И братья Свиридовы выслушали историю Полины Знаменской, тем более что, если судить по взволнованному лицу Фокина, это касалось его очень близко.

Глава 3
Нижегородский апокалипсис

   Валерий Иванович Знаменский, по утверждению его дочери Полины, являлся одним из наиболее влиятельных бизнесменов Нижнего Новгорода и области. В самом деле, фирма с пышным претенциозным названием «Элизеум» являлась крупным холдингом, контролировавшим ряд промышленных и торговых предприятий.
   Фирма «Элизеум» представляла собой мощную экономическую структуру, включающую в себя торговый дом, банк, ряд крупных риэлторских контор, весьма значительную разветвленную сеть магазинов, а также достаточно существенное число более мелких из крупных предприятий, так или иначе контролируемых возглавляемым Знаменским и Кирилловым концерном, то есть подотчетных или самим боссам лично, или номинальным главам этих фирм, являвшихся подставными лицами и в конечном итоге марионетками в руках вышеупомянутых воротил нижегородского бизнеса.    Так что их богатство, влияние и политическо-финансовый вес (оба были членами областной Думы и крупными акционерами ряда нефтяных компаний) могли стать предметом зависти и неприязни, что в конечном итоге и сослужило дурную службу Валерию Ивановичу и Ивану Андреевичу.
   Кириллов был убит прямо в ночном клубе, где он и его люди любили отдыхать, расслабляясь после утомительных трудов. Клуб был либерального толка – культивировалось стрип-шоу и оказание интимных услуг, а так как клуб «Хамелеон» и принадлежал «Элизеуму», то Иван Андреевич, никогда не стеснявший себя строгой моралью, редко упускал возможность посетить его.
   Где, как говорят, устраивал оргии, на которых употреблял кокаин и занимался групповым сексом.
   А убили его прямо в объятиях его любимой дамы легкого поведения. Убийца проник в номер и отработал Кириллова выстрелом в затылок.

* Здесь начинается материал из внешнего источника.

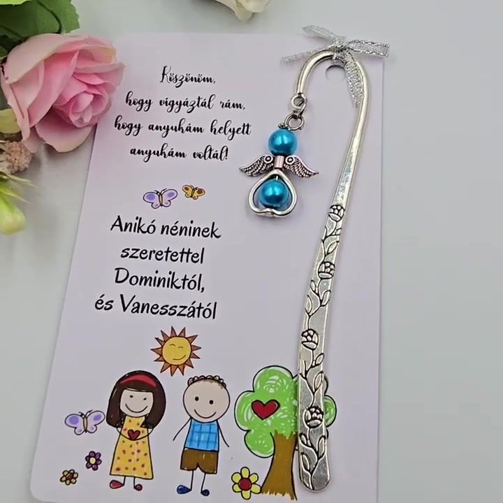 Óvó néninek ajándék - Angyalkás könyvjelző ajándékkártyán

   Выстрел прозвучал в тот самый момент, когда усиленно ублаготворявший девушку прямо на столе совладелец «Элизеума» испытывал оргазм.
   И проститутку вовсе не удивило то, что любовник внезапно задрожал, а потом, на секунду застыв в воздухе, рухнул на нее всем телом.
   Иногда он вел себя так и раньше.
   То, что произошло на самом деле, дошло до нее гораздо позже: после того, как несколько минут он не шевелился и не говорил.
   Самый термоядерный оргазм способен лишить мужчину способности передвижения и дара речи максимум на минуту-полторы.
   Но он при этом дышит.
   После того как на место приехали компетентные органы, эксперты заявили, что проникнуть в номер киллер мог только по абсолютно вертикальной стене совершенно без выступов, без карнизов и уж тем более без банальной лестницы на случай пожара.
   Впрочем, окно было открыто, но никаких следов или отпечатков пальцев на нем не оказалось.
   Зато прямо под окном нашли убитого охранника автостоянки. Ему сломали шею. Судя по тому, что никаких других повреждений или следов борьбы на его теле не оказалось, сделали вывод, что схватка была мгновенной: охранник сразу оказался в роли жертвы.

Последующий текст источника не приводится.